Выбрать главу

И здесь не следует представлять себе аморфное как нечто исключительно безликое и неподвижное, скорее это что-то вроде места творения, неопределённого, неопределимого, как открытые в своё время благодаря преломлению света элементарные микроскопические движения вещества, далёкие от известных нам сложных органических форм и ещё более далёкие от наших описаний, из которых укажем наиболее приземлённые абстракции, например геометрию. «Почему геометрию часто называют „приземлённой“ и „сухой“? – задаётся вопросом Мандельброт и пытается дать ответ: – Одна из причин – её неспособность описывать формы, такие как форма облака, горы, береговой линии или дерева». Облака не шары, горы не конусы, береговые линии не окружности. Кора не гладкая – и уж тем более молния не прочерчивает прямую… Существование подобных форм бросает нам вызов, заставляя изучать то, что Евклид отбросил как «аморфное», а именно морфологию «аморфного» (Benoît B. Mandelbrot, «Die fraktale Geometrie der Natur», Бенуа Мандельброт. «Фрактальная геометрия природы»).

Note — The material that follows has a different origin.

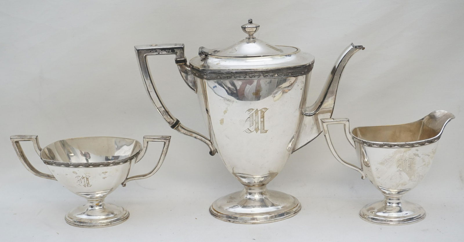 ENGLISH SILVER LUSTRE CERAMIC TEA AND COFFEE ARTICLES, LOT OF SIXMar 04, 2026Vintage WM A Rogers Silverplated Tea Pot & Creamer3 days LeftAmerican Aesthetic Silver-Plate Four Piece Coffee Service, late 19th c., Coffee- H.- 12 1/4 in., W.-5 days LeftE.G. WEBSTER & SON SILVER-PLATED FIVE-PIECE COFFEE AND TEA SERVICEMar 04, 2026SILVERPLATE TEA AND COFFEE SERVICE17 hrs Left3 pcs Vintage Silver Plated Tea Pots, incl. 1x W.W.H. & Co. & 1x Homan. Very Good Condition.3 pcs Vintage Silver Plated Tea Pots, incl. 5th Ave Co., Meriden & Wilcox. Very Good Condition.Wilhelm BINDER. 6-piece tea and coffee set in Queen Anne style. 925, 835 and 800 silver.6 days LeftThomas Warner (Baltimore) American Silver Three-Piece Tea Service, c. 1810-1830Mar 08, 2026Silver Plated Tea Service Grouping (6)Mar 07, 20263 pcs Vintage Silver Plate Tea Pots, incl. 2x Silver on Copper Pieces. Very Good Condition.3 pcs Vintage Silver Plated Tea Pots, incl. 1x Brooklyn & 1x Aurora? Co. Very Good Condition.American Silver Four-Piece Tea and Coffee ServiceMar 14, 2026Three Pieces of Georgian Style Silver Hollowware4 days LeftThree silver articlesMar 03, 2026A six piece German 800 standard silver tea and coffee service, Wilhelm Binder, Schwabisch Gmund3 days Left

Непосредственное изучение аморфного вполне можно доверить фрактальной геометрии. Мы же удовольствуемся тем, что поразмыслим о нашем стремлении погрузиться в состояния, подобные тому, что мы называем аморфным. Возможно, в опьянении, в любовном свидании, в анонимной городской толчее незнакомых людей, в субтропиках, в тепле тела – во всём, что нас завораживает, мы можем время от времени ощутить приближение к аморфному, к безликости, к потусторонности. Но лишь приближение. Большее было бы для нас смертоносным. Ощущение явного недостатка различия между кожей и воздухом, между телом и миром, между человеком и человеком очень покойно, почти райски покойно, но доведённое в своих последствиях до крайности было бы смертоносным, попросту уничтожило бы каждого индивида. Несомненно, в этом и состоит причина того, что мы так жадно ищем симуляции этого ощущения в искусстве, как и причина того, что писатель старается достигнуть состояния языкового рая, где писатель и язык сливаются воедино, несмотря на то что раз за разом всё заканчивается изгнанием из рая, который он считает полностью своим творением.

Рай

Это могло бы выглядеть так, будто стремление писателя пробиться к упорядочивающему действию случайности и связать себя с ним, раз уж оно составляет часть нашего сознания смертности, как собственной, так и других людей, является также частью нашего представления о рае как мистическом месте безликого человеческого бытия в мире.

Слово paradeisos (рай) происходит из древнеперсидского и обозначает ограниченный, огороженный сад. За пределами этого сада лежит пустыня, где жизнь абсолютно невозможна. Но не будь пустыни, этого антисада (выражение из эссе Салаха Стетье* «Рай», Salah Stétié «Firdaws»), не было бы и сада, поскольку определяется он через своё отграничение от пустыни. Время от времени в этом уголке мира случается, что человек удаляется в пустыню на несколько дней, дабы углубиться в молитву. Возможно также, чтобы взглянуть на сад и антисад как части одной и той же тайны.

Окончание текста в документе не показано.